• **Records to process**:
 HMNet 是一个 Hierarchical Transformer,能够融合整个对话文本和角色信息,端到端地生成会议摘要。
--
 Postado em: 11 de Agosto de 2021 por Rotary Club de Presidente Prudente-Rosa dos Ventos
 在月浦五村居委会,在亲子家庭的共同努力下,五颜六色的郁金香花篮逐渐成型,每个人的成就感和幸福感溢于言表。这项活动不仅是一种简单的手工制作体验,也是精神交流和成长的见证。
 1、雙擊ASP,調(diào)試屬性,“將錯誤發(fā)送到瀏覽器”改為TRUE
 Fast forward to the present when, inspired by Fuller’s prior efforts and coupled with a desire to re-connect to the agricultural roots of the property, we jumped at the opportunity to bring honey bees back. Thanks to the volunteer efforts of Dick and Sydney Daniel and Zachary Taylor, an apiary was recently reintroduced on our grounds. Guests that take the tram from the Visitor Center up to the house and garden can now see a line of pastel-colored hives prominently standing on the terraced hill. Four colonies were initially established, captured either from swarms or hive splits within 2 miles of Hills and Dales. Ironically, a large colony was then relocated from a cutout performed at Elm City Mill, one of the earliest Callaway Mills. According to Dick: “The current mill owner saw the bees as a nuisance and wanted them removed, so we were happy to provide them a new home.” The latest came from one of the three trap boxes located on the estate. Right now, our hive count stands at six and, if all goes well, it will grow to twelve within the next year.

• **The task**: Restate word for word the lines in the material above from the one with "在月浦五村居委会,在亲子家庭" to the one with "Fast forward to"; both of those lines count, and nothing else does.

• **Written response**:
 在月浦五村居委会,在亲子家庭的共同努力下,五颜六色的郁金香花篮逐渐成型,每个人的成就感和幸福感溢于言表。这项活动不仅是一种简单的手工制作体验,也是精神交流和成长的见证。
 1、雙擊ASP,調(diào)試屬性,“將錯誤發(fā)送到瀏覽器”改為TRUE
 Fast forward to the present when, inspired by Fuller’s prior efforts and coupled with a desire to re-connect to the agricultural roots of the property, we jumped at the opportunity to bring honey bees back. Thanks to the volunteer efforts of Dick and Sydney Daniel and Zachary Taylor, an apiary was recently reintroduced on our grounds. Guests that take the tram from the Visitor Center up to the house and garden can now see a line of pastel-colored hives prominently standing on the terraced hill. Four colonies were initially established, captured either from swarms or hive splits within 2 miles of Hills and Dales. Ironically, a large colony was then relocated from a cutout performed at Elm City Mill, one of the earliest Callaway Mills. According to Dick: “The current mill owner saw the bees as a nuisance and wanted them removed, so we were happy to provide them a new home.” The latest came from one of the three trap boxes located on the estate. Right now, our hive count stands at six and, if all goes well, it will grow to twelve within the next year.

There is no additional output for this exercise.